At the end of this experiment, students will be able to:
- Observe how hydrolysis and condensation reactions of metal alkoxides (thinking of Si here as a metal) can lead to porous metal oxide gels and effectively describe the experimental procedure used to obtain these gels.
- Describe the differences between gels obtained from acid-catalyzed vs. base-catalyzed reactions and explain how one might experimentally probe these differences.
- Illustrate how to make functional materials out of porous gels by incorporating pH-sensitive dyes into the gels and evaluate the effectiveness of these materials as pH sensors in either the vapor phase or liquid phase.
0.5 M NH4F(aq)
pH buffer test solutions (pH 3 and pH 8 work well)
Glassware and Lab Equipment:
Two micropipettes (85µL and 360 µL)
Magnetic stir bar/stir plate
Polypropylene centrifuge vials (10 per student)
Dessicators for vapor phase pH sensing tests
A brief document is attached describing some implementation tips and observations of typical student results in the lab.
Students write a formal lab report after completing all of the experimental work. A document is attached that describes the expectations for the format and content of the report. This was the second formal lab report that the students wrote in the semester, so they already had some feedback on their writing. Some of the comments in the lab report expectations document resulted from my evaluation of their previous lab report and did help to improve for example, the abstract and experimental sections.
A grading rubric is also attached for evaluating the lab reports. Students were asked to print out and attach a copy of the rubric to the front of their lab report. The intention was that they would read through the rubric and consider any final revisions in light of my expectations.

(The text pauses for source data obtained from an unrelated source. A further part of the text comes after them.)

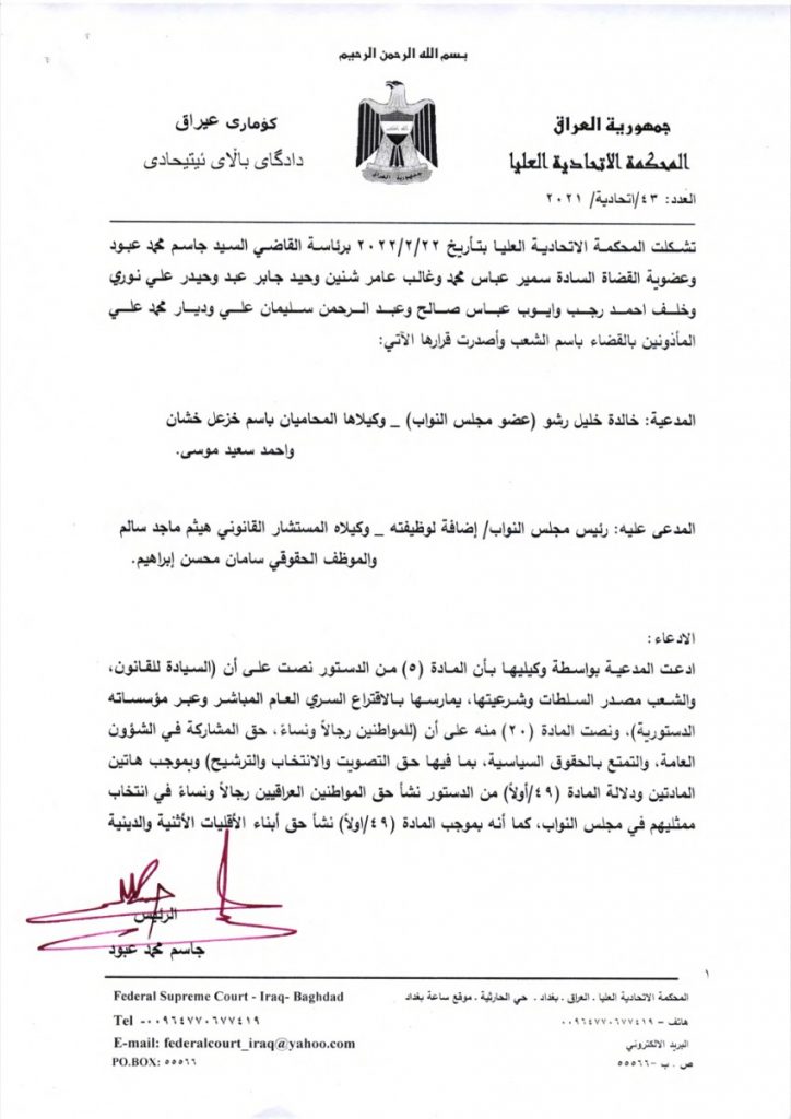 وأصدرت المحكمة قرارها على خلفية الدعوى المقامة من خالدة خليل رشو، عضو مجلس النواب العراقي، ووكيلاها المحاميان باسم خزعل خشان واحمد سعيد موسى، على المدعى عليه رئيس مجلس النواب اضافة لوظيفته، ووكيلاه المستشار القانوني هيثم ماجد سالم، والموظف الحقوقي سامان محسن ابراهيم.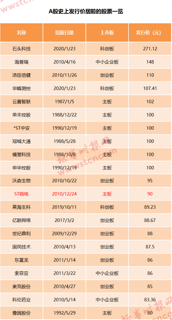 该公司首发价格为90元,这一发行价在A股历史居于前列。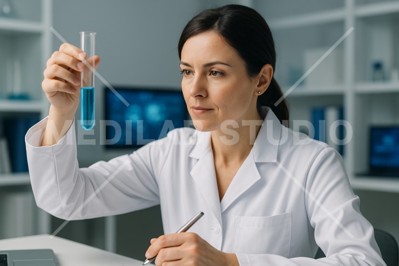 研究室で新薬の開発に従事している研究者。白衣を着用。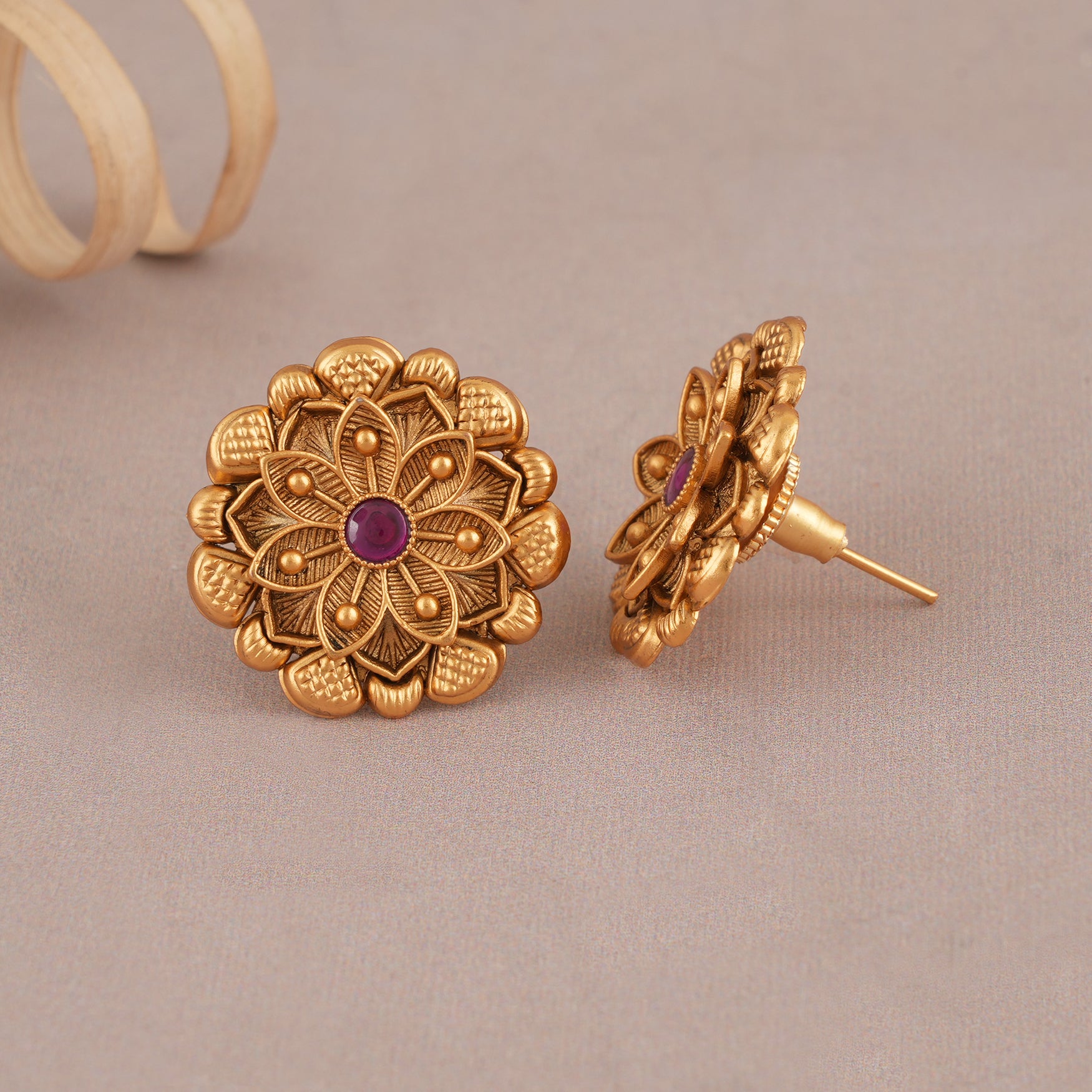 Stunning red stone antique gold stud earring  are show-stopping and come in traditional Indian design with gold plating and handwork.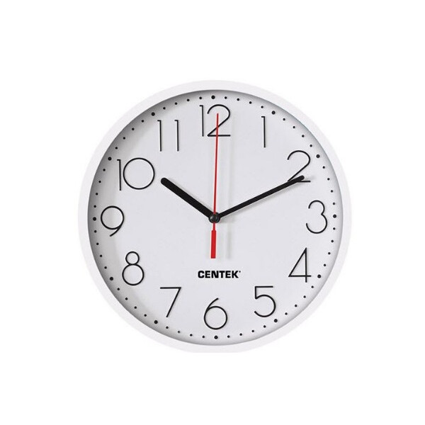 Модель Centek CT-7105 White привлекает внимание благодаря крупным цифрам, хорошо различаемым издалека. Дополнительных функций в виде будильника не имеется. Питание осуществляется от одной AA-батарейки. Часы с диаметром 23 см обладают пластиковым корпусом и надежным кварцевым механизмом.

Using the grading rubric provided above, out of 20 possible points and 21 students, 6 students scored 18-20 points, 6 students scored 15-17 points, and 9 students scored 12-14 points.
If students that scored poorly on one or more sections as described in the grading rubric took the opportunity to submit a revised version of that section, I typically rewarded 80% of the possible points for that section. Sadly, in my experience students rarely take the time to resubmit.